MATERIAL TO PROCESS —
☆ ☆ ☆ ☆ ☆
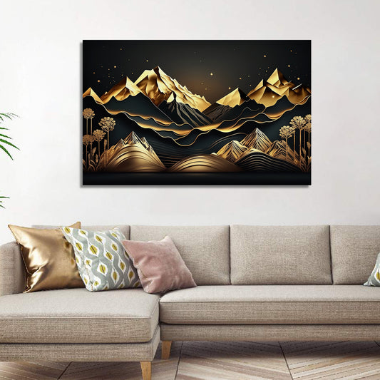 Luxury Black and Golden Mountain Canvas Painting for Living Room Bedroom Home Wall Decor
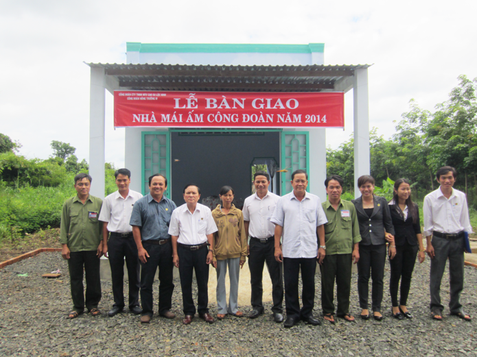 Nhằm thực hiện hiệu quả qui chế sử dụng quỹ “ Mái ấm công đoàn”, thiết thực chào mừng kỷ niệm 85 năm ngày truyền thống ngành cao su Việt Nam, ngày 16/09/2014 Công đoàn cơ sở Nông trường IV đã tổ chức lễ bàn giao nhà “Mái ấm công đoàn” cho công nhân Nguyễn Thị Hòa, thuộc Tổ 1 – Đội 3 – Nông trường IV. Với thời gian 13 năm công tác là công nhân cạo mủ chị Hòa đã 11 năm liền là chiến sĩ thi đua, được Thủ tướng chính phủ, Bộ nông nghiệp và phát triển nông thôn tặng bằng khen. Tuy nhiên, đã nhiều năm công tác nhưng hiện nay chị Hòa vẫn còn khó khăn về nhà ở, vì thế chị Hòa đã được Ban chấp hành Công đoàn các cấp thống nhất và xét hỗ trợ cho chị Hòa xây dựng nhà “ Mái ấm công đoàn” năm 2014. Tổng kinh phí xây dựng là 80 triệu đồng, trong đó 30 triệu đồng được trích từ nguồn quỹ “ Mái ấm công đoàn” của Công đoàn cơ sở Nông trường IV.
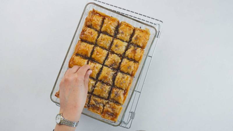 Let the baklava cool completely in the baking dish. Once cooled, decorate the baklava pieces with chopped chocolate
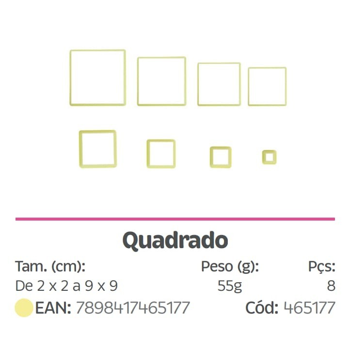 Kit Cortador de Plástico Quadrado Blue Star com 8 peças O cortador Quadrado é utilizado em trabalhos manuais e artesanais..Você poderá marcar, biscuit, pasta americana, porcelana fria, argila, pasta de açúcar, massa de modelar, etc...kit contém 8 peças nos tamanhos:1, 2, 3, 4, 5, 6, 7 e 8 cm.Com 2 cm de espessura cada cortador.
☆ ☆ ☆ ☆ ☆
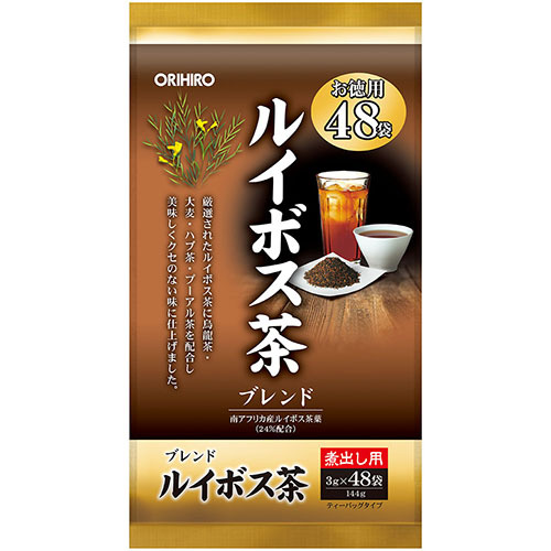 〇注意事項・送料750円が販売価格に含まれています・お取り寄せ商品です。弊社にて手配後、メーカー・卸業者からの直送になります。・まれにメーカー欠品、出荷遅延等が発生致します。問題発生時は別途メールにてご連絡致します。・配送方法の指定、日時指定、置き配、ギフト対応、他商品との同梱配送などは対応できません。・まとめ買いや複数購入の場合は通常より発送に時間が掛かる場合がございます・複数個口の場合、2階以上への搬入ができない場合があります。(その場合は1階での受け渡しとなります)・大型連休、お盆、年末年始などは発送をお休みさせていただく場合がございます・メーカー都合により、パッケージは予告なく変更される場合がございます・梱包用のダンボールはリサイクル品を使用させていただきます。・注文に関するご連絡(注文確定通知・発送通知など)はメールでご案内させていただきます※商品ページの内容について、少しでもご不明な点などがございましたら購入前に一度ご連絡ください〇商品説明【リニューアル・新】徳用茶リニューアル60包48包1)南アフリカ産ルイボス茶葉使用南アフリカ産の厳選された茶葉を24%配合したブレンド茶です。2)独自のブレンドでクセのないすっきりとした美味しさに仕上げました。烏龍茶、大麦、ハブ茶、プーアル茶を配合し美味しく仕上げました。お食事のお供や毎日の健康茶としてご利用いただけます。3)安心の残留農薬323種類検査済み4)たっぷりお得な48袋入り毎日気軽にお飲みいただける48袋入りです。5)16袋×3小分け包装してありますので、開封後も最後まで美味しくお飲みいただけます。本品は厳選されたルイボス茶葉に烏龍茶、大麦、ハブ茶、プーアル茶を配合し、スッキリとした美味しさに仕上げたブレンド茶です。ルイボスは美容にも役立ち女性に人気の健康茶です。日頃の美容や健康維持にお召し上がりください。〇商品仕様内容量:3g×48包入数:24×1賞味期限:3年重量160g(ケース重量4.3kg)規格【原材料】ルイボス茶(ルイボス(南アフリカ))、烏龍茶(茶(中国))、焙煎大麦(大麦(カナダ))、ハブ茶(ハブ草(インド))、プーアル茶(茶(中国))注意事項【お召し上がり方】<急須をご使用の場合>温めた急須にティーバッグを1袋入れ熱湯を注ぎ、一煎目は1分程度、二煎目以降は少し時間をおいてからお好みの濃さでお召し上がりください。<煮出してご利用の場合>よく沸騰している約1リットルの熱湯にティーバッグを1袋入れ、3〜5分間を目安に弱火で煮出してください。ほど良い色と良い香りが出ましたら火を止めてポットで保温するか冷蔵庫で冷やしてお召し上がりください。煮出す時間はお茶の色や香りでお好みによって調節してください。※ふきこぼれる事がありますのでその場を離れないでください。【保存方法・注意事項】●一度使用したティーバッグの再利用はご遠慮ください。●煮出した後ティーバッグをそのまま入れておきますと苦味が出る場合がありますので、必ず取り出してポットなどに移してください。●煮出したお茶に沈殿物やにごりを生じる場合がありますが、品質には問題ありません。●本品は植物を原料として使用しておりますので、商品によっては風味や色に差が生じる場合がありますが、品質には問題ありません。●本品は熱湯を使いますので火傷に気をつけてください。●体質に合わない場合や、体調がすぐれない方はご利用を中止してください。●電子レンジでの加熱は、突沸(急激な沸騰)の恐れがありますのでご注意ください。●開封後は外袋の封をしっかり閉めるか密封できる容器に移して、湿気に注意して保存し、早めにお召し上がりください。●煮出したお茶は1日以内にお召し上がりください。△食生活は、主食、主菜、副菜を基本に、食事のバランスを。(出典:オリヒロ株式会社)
☆ ☆ ☆ ☆ ☆
PROBLEM TO WORK ON — From the material above, give again exactly the lines from the one that contains "Nhằm thực hiện" through the one that contains "Let the baklava", and leave out the pictures.

YOUR RESPONSE —
 Nhằm thực hiện hiệu quả qui chế sử dụng quỹ “ Mái ấm công đoàn”, thiết thực chào mừng kỷ niệm 85 năm ngày truyền thống ngành cao su Việt Nam, ngày 16/09/2014 Công đoàn cơ sở Nông trường IV đã tổ chức lễ bàn giao nhà “Mái ấm công đoàn” cho công nhân Nguyễn Thị Hòa, thuộc Tổ 1 – Đội 3 – Nông trường IV. Với thời gian 13 năm công tác là công nhân cạo mủ chị Hòa đã 11 năm liền là chiến sĩ thi đua, được Thủ tướng chính phủ, Bộ nông nghiệp và phát triển nông thôn tặng bằng khen. Tuy nhiên, đã nhiều năm công tác nhưng hiện nay chị Hòa vẫn còn khó khăn về nhà ở, vì thế chị Hòa đã được Ban chấp hành Công đoàn các cấp thống nhất và xét hỗ trợ cho chị Hòa xây dựng nhà “ Mái ấm công đoàn” năm 2014. Tổng kinh phí xây dựng là 80 triệu đồng, trong đó 30 triệu đồng được trích từ nguồn quỹ “ Mái ấm công đoàn” của Công đoàn cơ sở Nông trường IV.
 Let the baklava cool completely in the baking dish. Once cooled, decorate the baklava pieces with chopped chocolate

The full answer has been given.